Architecture Professors Keith Mitnick and Claire Zimmerman have been named 2009-10 University of Michigan Institute for the Humanities Fellows. The Institute, founded in 1987, exists with the central function of forming an intellectual community of Faculty and Graduate Student Fellows who spend a year in residence pursuing their research and participating in a cross-disciplinary, non-public weekly seminar. The Michigan Faculty Fellows are chosen by a selection committee of three evaluators from outside the University of Michigan and the Institute’s Executive Committee.
During his fellowship, Keith Mitnick plans to engage in a research project entitled The Architecture of Unseen Things, which will use different forms of written and visual narratives to examine the role of architecture in defining accepted notions of the “normal” and the “everyday”. By overlaying a series of conflicting accounts and representations of a single contested locale, he will consider ways in which seemingly blank and banal buildings infer a false sense of neutrality upon the institutions they accommodate.

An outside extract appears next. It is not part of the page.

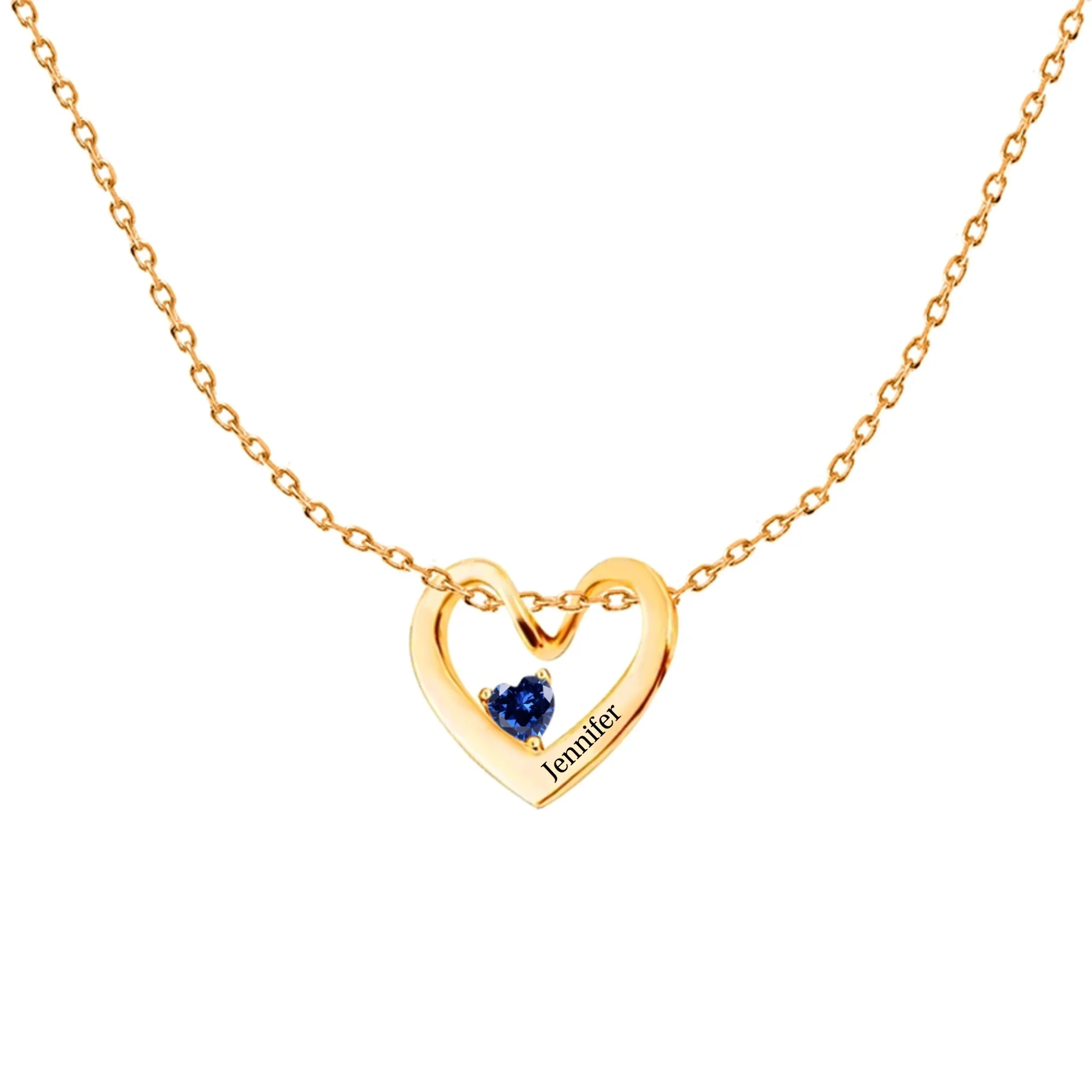 Personalized Heart Name Birthstone Necklace For Mom Grandma
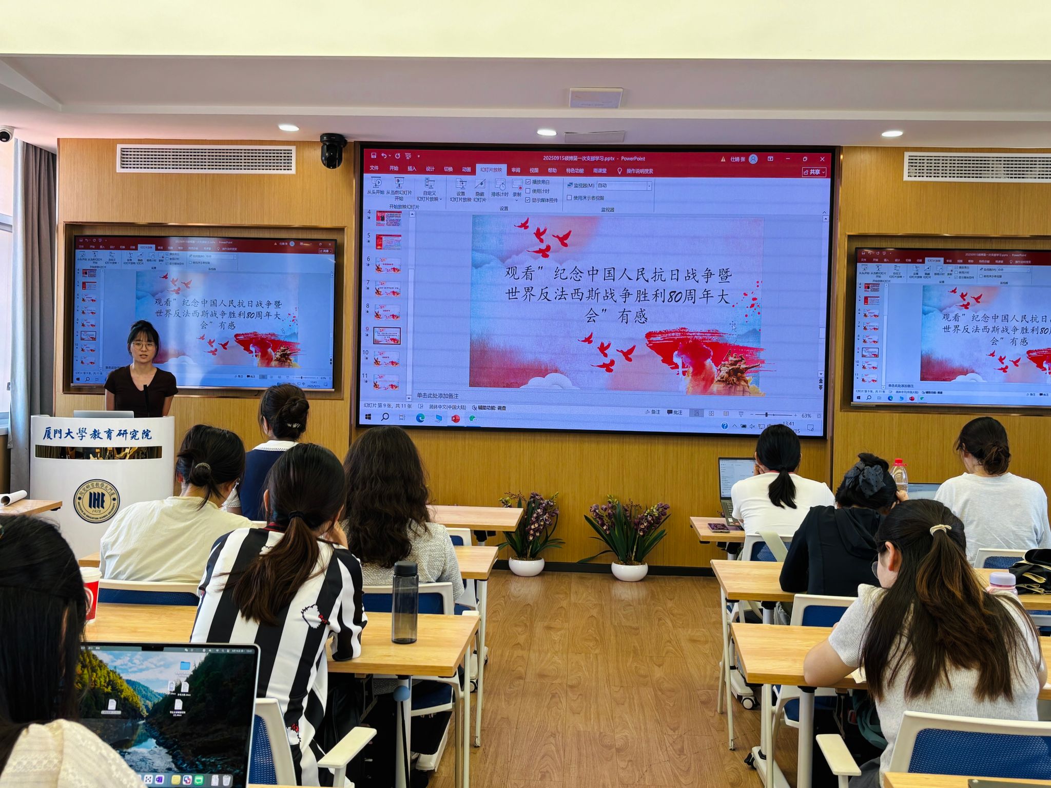 2025级硕士生党支部王佳怡谈到:十年前我在天安门广场亲历阅兵的庄严场面,十年后我在厦大线上观看盛况,深切感受到国家实力的日益强大和中国军队捍卫和平的坚定决心。作为新时代青年,我们更应砥砺奋进,把青春奋斗融入中华民族伟大复兴的伟大征程。

Claire Zimmerman will continue writing a book entitled “Photographic Architecture” from Weimar to Cold War: The Case of Mies van der Rohe, which explores architectural representation in the twentieth century, focusing on the translation of information about space, material, and form into two-dimensional images. The book emphasizes the significant role played by photography in the historiography of modern architecture; it also studies the recursive effects of images, which began to alter building form in subtle but far-reaching ways in the post World War II period.